Promises Do Not Treat HIV/AIDS
Recent commitments by the U.S. government to increase financial resources for treatment in Africa are welcome, but they are long overdue. They must also be viewed critically, given the tendency of the U.S. government to renege on promises made to the international community related to access to treatment. Much has been made of President George W. Bush's $15 billion Emergency Plan for AIDS Relief announced during the State of the Union address in January, but it is imperative that serious questions are asked during and after the President's trip to Africa, since he is putting AIDS and trade at the top of his agenda.
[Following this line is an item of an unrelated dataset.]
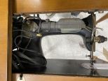 Late 20th Century Cherry Singer Sewing Machine Cabinet, has singer sewing machine, includes bench, 32"h., 27"w. Location Row 4 Late 20th Century Cherry Singer Sewing Machine Cabinet, has singer sewing machine, includes bench, 32"h., 27"w. Location Row 4

Will the promised funding levels actually materialize from Congress with the urgency required? Are there guarantees for the sustainability of this funding over the long-term, as ARV therapy is life-long? What proportion of funds will be spent on a bilateral program that has yet to be created, versus existing mechanisms like the Global Fund to Fight AIDS, Tuberculosis and Malaria -- which already delivers funding for life-saving treatment programs and is facing severe budget shortfalls?
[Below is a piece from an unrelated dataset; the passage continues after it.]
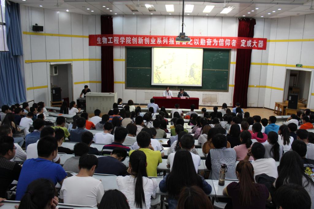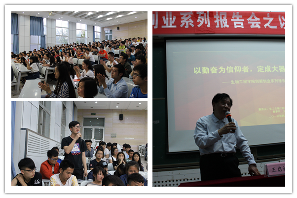 王启松教授以幽默轻快的语调开始了精彩的演讲,他从自己亲身经历出发,为大家介绍了他的学生时代、科研生涯和下海经商三个重要时期,并和大家分享了自己成功的秘诀——三高学习法,即高强度、高密度、高标准。王启松教授认为,“以勤奋为信仰者,定成大器”。他用自己丰富的人生阅历和成功经验,勉励莘莘学子不断努力,用勤奋铸造辉煌。与此同时,王教授还详细的叙述了自己艰苦的创业经历,结合自身在加拿大创建Biobasic Inc生物工程公司和在中国创办上海生工生物工程技术服务有限公司的经验,帮助同学们分析大学生创业过程中的实际问题。

How efficiently will the money be spent when it comes to treatment? Specifically, will funds be made available for the purchase of the most inexpensive quality drugs, including generics, in order to treat the largest number of people possible, or will the bilateral initiative become a "windfall" for the pharmaceutical industry?
Is the Bush administration "giving" with one hand and "taking" with the other through multilateral, regional and bilateral trade negotiations that threaten to restrict access to medicines? Will that happen with the free trade agreement the U.S. hopes to negotiate with the Southern African Customs Union, which would provide more stringent patent protection for life-saving pharmaceuticals than is required in the World Trade Organization's Agreement on Trade-Related Aspects of Intellectual Property Rights (TRIPS)?
People with HIV/AIDS in the developing world should not have to continue to ask these questions. For them, it is a matter of life and death. They don't need more promises of goodwill from the U.S. and other governments. They need treatment today. And that means serious, uncompromising political action must happen now.